IV. Principios bíblico-litúrgicos de una arquitectura sacra
La constitución sobre la sagrada liturgia del Vat. II (SC 122-129), es la
relación fundamental sobre una arquitectura que aspire a encarnar en sus formas
el carácter comunitario de las celebraciones: se explicita allí por parte de la
iglesia su voluntad de aceptar la colaboración del arte contemporáneo,
concretando entre otras cosas, para los nuevos edificios sagrados, dos objetivos
principales: la funcionalidad en orden a la celebración litúrgica y la
participación activa de los fieles en la misma liturgia.
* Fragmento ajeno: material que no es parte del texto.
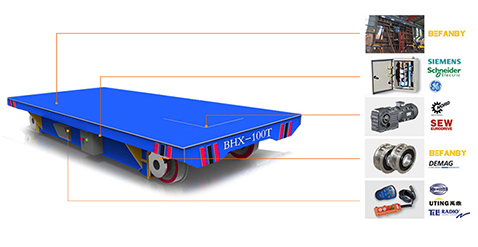 BHX:采用滑觸線將380V交流電源引入平車作為該平車的電力來源,其運(yùn)行頻率和使用時(shí)間不受束縛,適用于較長距離運(yùn)輸?shù)膱龊?。滑觸線安裝平車底部或兩側(cè),會對其他車輛的過往造成影響,但因其臺面較低,卻是流水線生產(chǎn)的 輸送設(shè)備。

Este último
objetivo, por no estar configurado por simbolismos exteriores, es de fácil
aceptación por parte del arquitecto,mientras que la funcionalidad con miras a
una acción, como signo que es de la nueva alianza entre Dios y los hombres,
exige conocer la verdadera esencia, el significado teológico de las acciones
litúrgicas, del culto divino y, sobre todo, de la celebración eucarística, de
los sacramentos de iniciación y de la liturgia de las Horas
(SC 5-20)
Ahora bien, según la óptica del NT, el templo es Cristo, el Cristo total (caput
et membra): Cristo y la iglesia conjuntamente, es decir, el pueblo redimido
que se congrega para celebrar su memorial en las acciones sacramentales, en la
proclamación del evangelio, en la oración comunitaria.
De este fundamental proceso de espiritualización es de donde deriva que el
edificio del culto cristiano no sea ya, como sucedía en los templos paganos e
incluso en el templo de Jerusalén, la morada de la divinidad: es más bien el
lugar donde se congrega la comunidad de los fieles para celebrar los misterios
de Cristo y hacer presente entre los fieles al mismo Cristo. Mas el lugar que
congrega a la comunidad para celebrar con Cristo y en Cristo el misterio de la
salvación se convierte igualmente en lugar sagrado por la permanente
presencia de Cristo en el sacramento de su cuerpo (cf instr. Eucharisticum
Mysterium, 1967, 49).
Todo simbolismo exterior al significado de esta doble presencia de Cristo habrá
de considerarse como elemento de segundo orden.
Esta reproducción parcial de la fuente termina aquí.